Again, isn't that deprecated and the new mechanism (pokng at some register)
has to be used?
> 
> 4.2 pmem Address Management
> 
>  pmem address management is primarily composed of three parts:
>  (1) detection of pmem devices and their address ranges, which is
>      accomplished by Dom0 Linux pmem driver and Xen hypervisor;
>  (2) get SPA ranges of an pmem area that will be mapped to domain
>      which is accomplished by xl;
>  (3) map the pmem area to a domain, which is accomplished by qemu and
s/qemu/QEMU/
>      Xen hypervisor.
> 
>  Our design intends to reuse the current memory management for normal
>  RAM in Xen to manage the mapping of pmem. Then we will come across a
>  problem: where we store the memory management data structs for pmem.

s/we store/where to/
> 
>  The rest of this section addresses above aspects respectively.

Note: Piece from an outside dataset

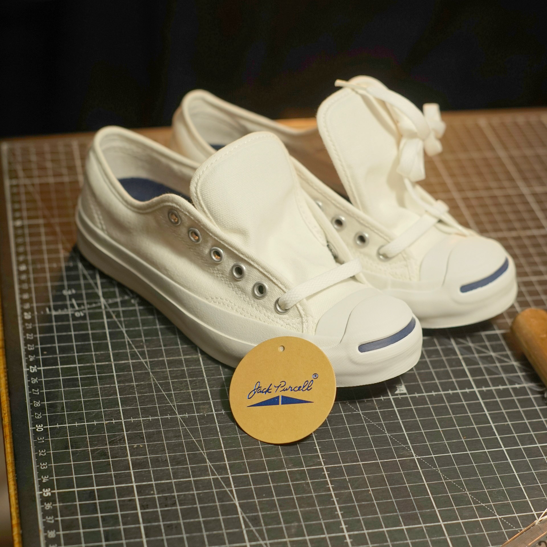 昨今の青ひげ不足ですが、在庫していた24.5の青ひげを1足用意します。今回制作するのは青ひげ改の紺革バージョンになります。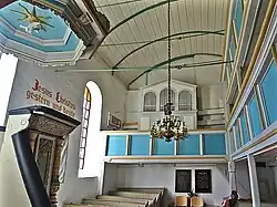 Das geschnitzte Altarretabel stammt aus dem 15. Jahrhundert und die hölzerne Kanzel aus dem 17. Jahrhundert.

Wait. What about alternatives? Why treat it as a RAM region instead of
as an MMIO region?

> 
> 4.2.1 Reserve Storage for Management Structures
> 
>  A core data struct in Xen memory management is 'struct page_info'.
>  For normal ram, Xen creates a page_info struct for each page. For
>  pmem, we are going to do the same. However, for large capacity pmem
>  devices (e.g. several terabytes or even larger), a large amount of
>  page_info structs will occupy too much storage space that cannot
>  fit in the normal ram.
> 
>  Our solution, as used by Linux kernel, is to reserve an area on pmem
>  and place pmem's page_info structs in that reserved area. Therefore,
>  we can always ensure there is enough space for pmem page_info
>  structs, though the access to them is slower than directly from the
>  normal ram.
> 
>  Such a pmem namespace can be created via a userspace tool ndctl and
>  then recognized by Linux NVDIMM driver. However, they currently only
>  reserve space for Linux kernel's page structs. Therefore, our design
>  need to extend both Linux NVDIMM driver and ndctl to reserve
>  arbitrary size.

That seems .. fragile? What if Windows or FreeBSD want to use it
too? Would this 'struct page' on on NVDIMM be generalized enough
to work with Linux,Xen, FreeBSD and what not?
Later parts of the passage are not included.